- **WHAT THIS TASK INVOLVES**: All lines below between the line with "Двоспальне дерев'яне ліжко" and the line with "hansgrohe Filtro sostitutivo", including both, must be copied exactly, and the pictures must be omitted.

════════════════

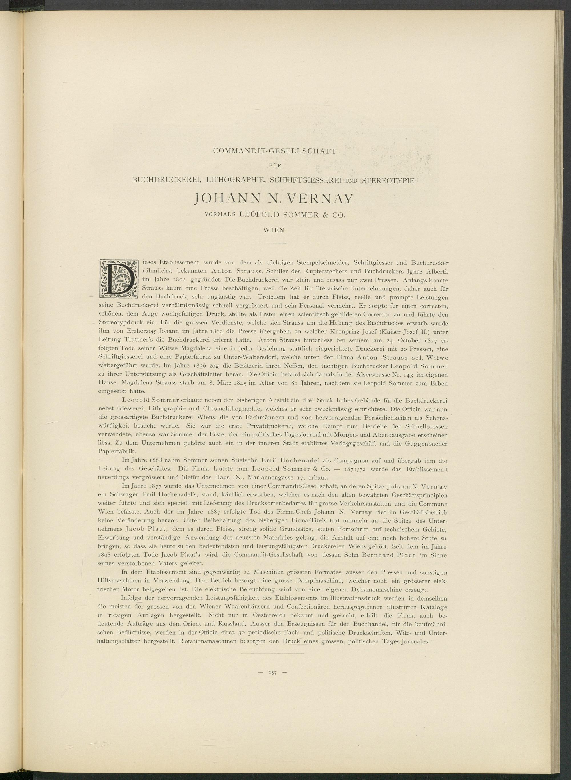 ieses Etablissement wurde von dem als tüchtigen Stempelschneider, Schriftgiesser und Buchdrucker rühmlichst bekannten Anton Strauss, Schüler des Kupferstechers und Buchdruckers Ignaz Alberti, im Jahre 1802 gegründet. Die Buchdruckerei war klein und besass nur zwei Pressen. Anfangs konnte Strauss kaum eine Presse beschäftigen, weil die Zeit für literarische Unternehmungen, daher auch für den Buchdruck, sehr ungünstig war. Trotzdem hat er durch Fleiss, reelle und prompte Leistungen seine Buchdruckerei verhältnismässig schnell vergrössert und sein Personal vermehrt. Er sorgte für einen correcten, schönen, dem Auge wohlgefälligen Druck, stellte als Erster einen scientifisch gebildeten Corrector an und führte den Stereotypdruck ein. Für die grossen AArdienste, w T elche sich Strauss um die Hebung des Buchdruckes erwarb, wurde ihm von Erzherzog Johann im Jahre 1819 die Presse übergeben, an welcher Kronprinz Josef (Kaiser Josef II.) unter Leitung Trattner’s die Buchdruckerei erlernt hatte. Anton Strauss hinterliess bei seinem am 24. October 1827 erfolgten Tode seiner Witwe Magdalena eine in jeder Beziehung stattlich eingerichtete Druckerei mit 20 Pressen, eine Schriftgiesserei und eine Papierfabrik zu Unter-Waltersdorf, welche unter der Firma Anton Strauss sei. Witwe weitergeführt wurde. Im Jahre 1836 zog die Besitzerin ihren Neffen, den tüchtigen Buchdrucker Leopold Sommer zu ihrer Unterstützung als Geschäftsleiter heran. Die Officin befand sich damals in der Alserstrasse Nr. 143 im eigenen Hause. Magdalena Strauss starb am 8. März 1845 i m Alter von 81 Jahren, nachdem sie Leopold Sommer zum Erben eingesetzt hatte.
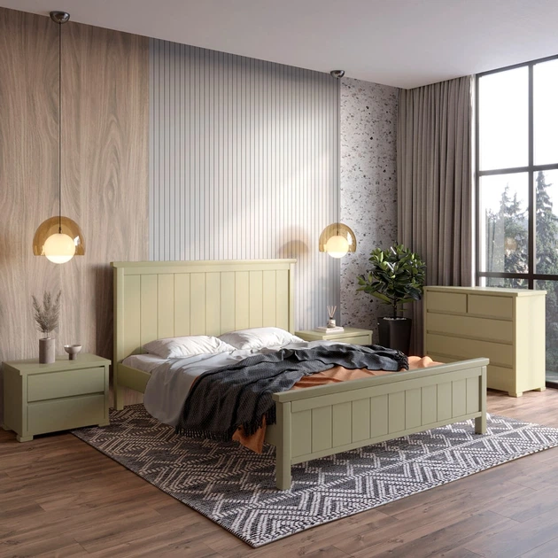 Двоспальне дерев'яне ліжко Mebigrand Вірджинія Оливковий (RAL1020) 180х200 см (MBG-3209)
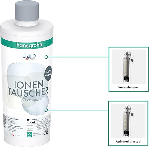 hansgrohe Filtro sostitutivo agli ioni e ai carboni attivi, cartuccia filtrante per Aqittura M91, filtro dell'acqua, filtro di ricambio, capacità di filtraggio 800 litri a 15° dH
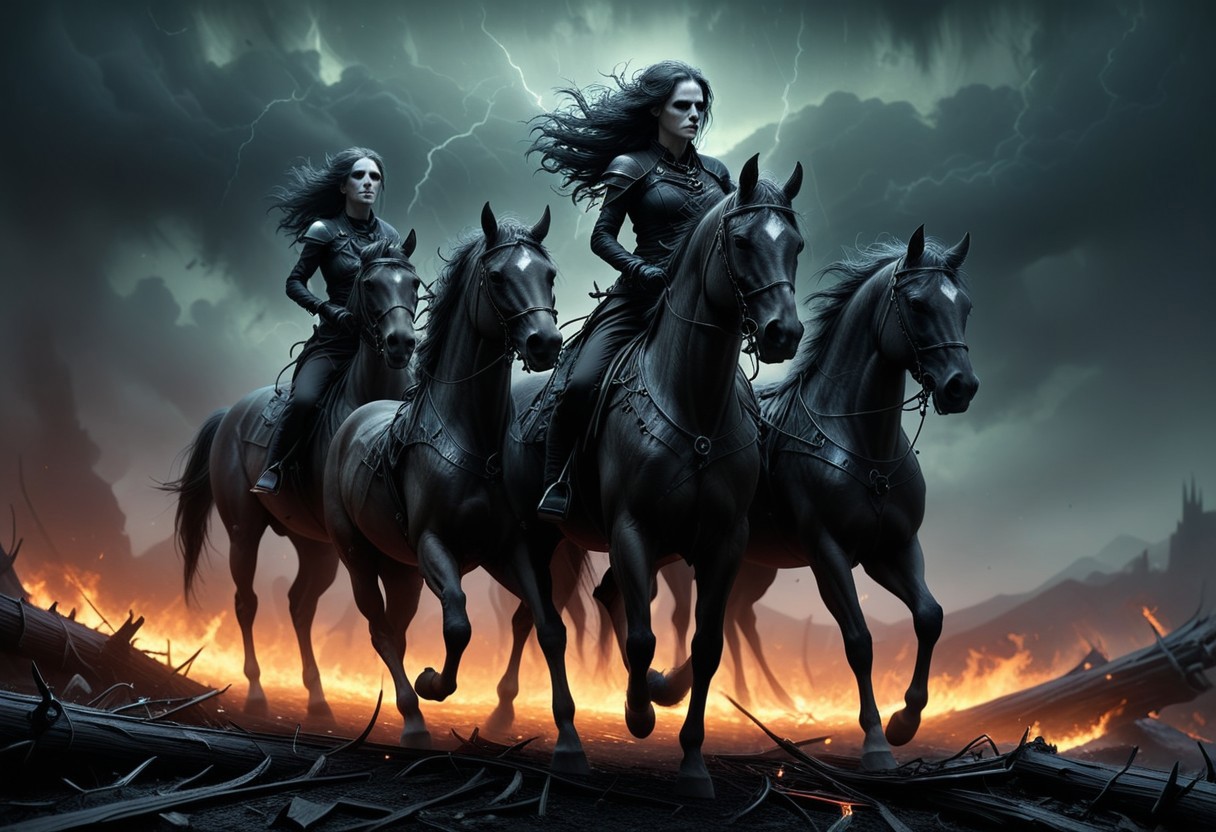score_9, score_8_up, score_7_up, (Fantasy Horsewomans of the Apocalypse). The four Horsewomen of the Apocalypse stand in a menacing formation, their monstrous steeds rearing behind them, silhouetted against a burning, storm-ridden sky. Their powerful, nearly naked bodies are each adorned with minimal yet distinct garments—War in jagged black metal armor barely covering her, Famine in a sheer, tattered veil clinging to her emaciated yet seductive form, Pestilence draped in dark chains that contrast her flawless yet sickly skin, and Death wrapped in a ghostly shroud that moves like living mist. Their weapons—greatsword, scythe, censer, and ethereal blade—gleam ominously, reflecting the suffering they bring. Their combined presence radiates both divine beauty and unstoppable doom. ((cinematic photo, volumetric lighting, cinematic lighting, aesthetic design, high angle, dramatic framing, cinematic framing, unique artistic composition, hight reflection)), (maximum ultra-high definition image quality and rendering:3), maximum image detail, maximum realistic rendering, (beautiful face), (full-length)
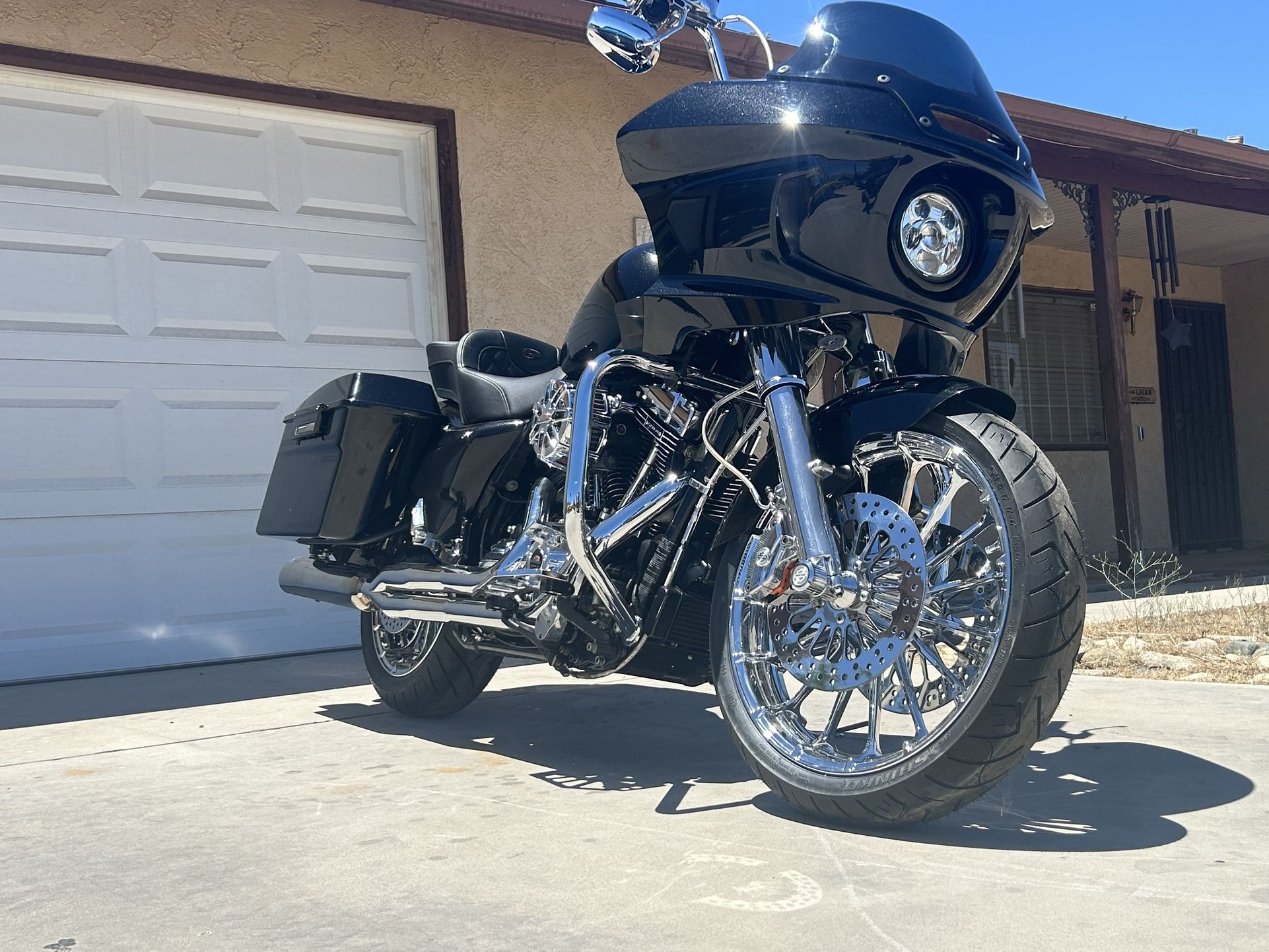 2012 road king with advan Black st fairing. Custom triple diamond coat black paint in perfect condition. 120r motor with fueling cam plate, oil pump and lifter and a red shift 657 cam with S&S roller rockers have receipts to prove it D&D borzilla 2into1 exhaust. Thundermax ecm with custom map for this set up Dark horse comp and evolution industries black ops race clutch basket. Legends axeo in front forks with rswd piggy back rear shocks Thrashin floor boards and bars with koso digital gauge. Sandleman road sofa seat This bike is done right and is a rocket. 6000 miles on the build Bike shows 16,800 miles in total. Pink in hand with current Registration till July 2026

════════════════

- **EXERCISE RESULT**:
 Двоспальне дерев'яне ліжко Mebigrand Вірджинія Оливковий (RAL1020) 180х200 см (MBG-3209)
 hansgrohe Filtro sostitutivo agli ioni e ai carboni attivi, cartuccia filtrante per Aqittura M91, filtro dell'acqua, filtro di ricambio, capacità di filtraggio 800 litri a 15° dH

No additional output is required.